▶ Task inputs:
________________________

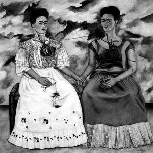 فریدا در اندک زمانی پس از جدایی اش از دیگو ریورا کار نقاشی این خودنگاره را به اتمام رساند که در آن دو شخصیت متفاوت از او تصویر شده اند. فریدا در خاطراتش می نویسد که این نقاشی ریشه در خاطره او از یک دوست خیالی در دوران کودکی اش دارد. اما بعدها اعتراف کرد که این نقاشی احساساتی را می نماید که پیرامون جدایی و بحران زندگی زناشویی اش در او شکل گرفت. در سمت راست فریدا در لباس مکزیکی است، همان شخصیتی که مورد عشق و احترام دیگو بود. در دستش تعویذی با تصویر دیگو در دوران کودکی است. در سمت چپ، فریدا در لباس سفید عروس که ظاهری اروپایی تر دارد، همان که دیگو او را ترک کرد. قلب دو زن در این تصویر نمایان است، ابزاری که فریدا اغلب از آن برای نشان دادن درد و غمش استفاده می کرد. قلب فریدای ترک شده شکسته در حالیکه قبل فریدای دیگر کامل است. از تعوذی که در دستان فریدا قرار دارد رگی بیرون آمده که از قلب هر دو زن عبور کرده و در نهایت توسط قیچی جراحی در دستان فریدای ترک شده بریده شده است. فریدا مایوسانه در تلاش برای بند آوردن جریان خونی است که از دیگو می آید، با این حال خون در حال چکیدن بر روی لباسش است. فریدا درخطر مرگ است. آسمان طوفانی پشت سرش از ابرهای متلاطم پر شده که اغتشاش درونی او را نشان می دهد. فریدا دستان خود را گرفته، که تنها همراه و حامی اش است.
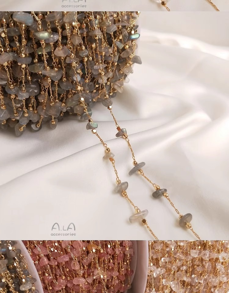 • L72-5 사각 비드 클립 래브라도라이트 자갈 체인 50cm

________________________

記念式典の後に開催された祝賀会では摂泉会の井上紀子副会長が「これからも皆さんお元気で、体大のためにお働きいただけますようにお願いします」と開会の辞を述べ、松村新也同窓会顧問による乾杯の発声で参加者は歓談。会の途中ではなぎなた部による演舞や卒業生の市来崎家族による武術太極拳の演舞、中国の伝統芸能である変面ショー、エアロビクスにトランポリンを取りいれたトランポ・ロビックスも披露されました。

________________________

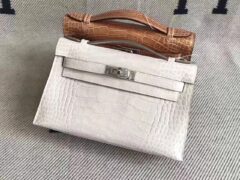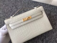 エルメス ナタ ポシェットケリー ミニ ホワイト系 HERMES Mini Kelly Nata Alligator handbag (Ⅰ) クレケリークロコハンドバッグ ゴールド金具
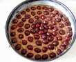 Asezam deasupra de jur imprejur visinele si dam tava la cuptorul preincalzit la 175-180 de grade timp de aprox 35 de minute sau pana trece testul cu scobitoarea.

________________________

With the pictures left out, write out exactly the lines above from the one containing "فریدا در اندک" through the one containing "래브라도라이트 자갈 체인 50cm".

 فریدا در اندک زمانی پس از جدایی اش از دیگو ریورا کار نقاشی این خودنگاره را به اتمام رساند که در آن دو شخصیت متفاوت از او تصویر شده اند. فریدا در خاطراتش می نویسد که این نقاشی ریشه در خاطره او از یک دوست خیالی در دوران کودکی اش دارد. اما بعدها اعتراف کرد که این نقاشی احساساتی را می نماید که پیرامون جدایی و بحران زندگی زناشویی اش در او شکل گرفت. در سمت راست فریدا در لباس مکزیکی است، همان شخصیتی که مورد عشق و احترام دیگو بود. در دستش تعویذی با تصویر دیگو در دوران کودکی است. در سمت چپ، فریدا در لباس سفید عروس که ظاهری اروپایی تر دارد، همان که دیگو او را ترک کرد. قلب دو زن در این تصویر نمایان است، ابزاری که فریدا اغلب از آن برای نشان دادن درد و غمش استفاده می کرد. قلب فریدای ترک شده شکسته در حالیکه قبل فریدای دیگر کامل است. از تعوذی که در دستان فریدا قرار دارد رگی بیرون آمده که از قلب هر دو زن عبور کرده و در نهایت توسط قیچی جراحی در دستان فریدای ترک شده بریده شده است. فریدا مایوسانه در تلاش برای بند آوردن جریان خونی است که از دیگو می آید، با این حال خون در حال چکیدن بر روی لباسش است. فریدا درخطر مرگ است. آسمان طوفانی پشت سرش از ابرهای متلاطم پر شده که اغتشاش درونی او را نشان می دهد. فریدا دستان خود را گرفته، که تنها همراه و حامی اش است.
 • L72-5 사각 비드 클립 래브라도라이트 자갈 체인 50cm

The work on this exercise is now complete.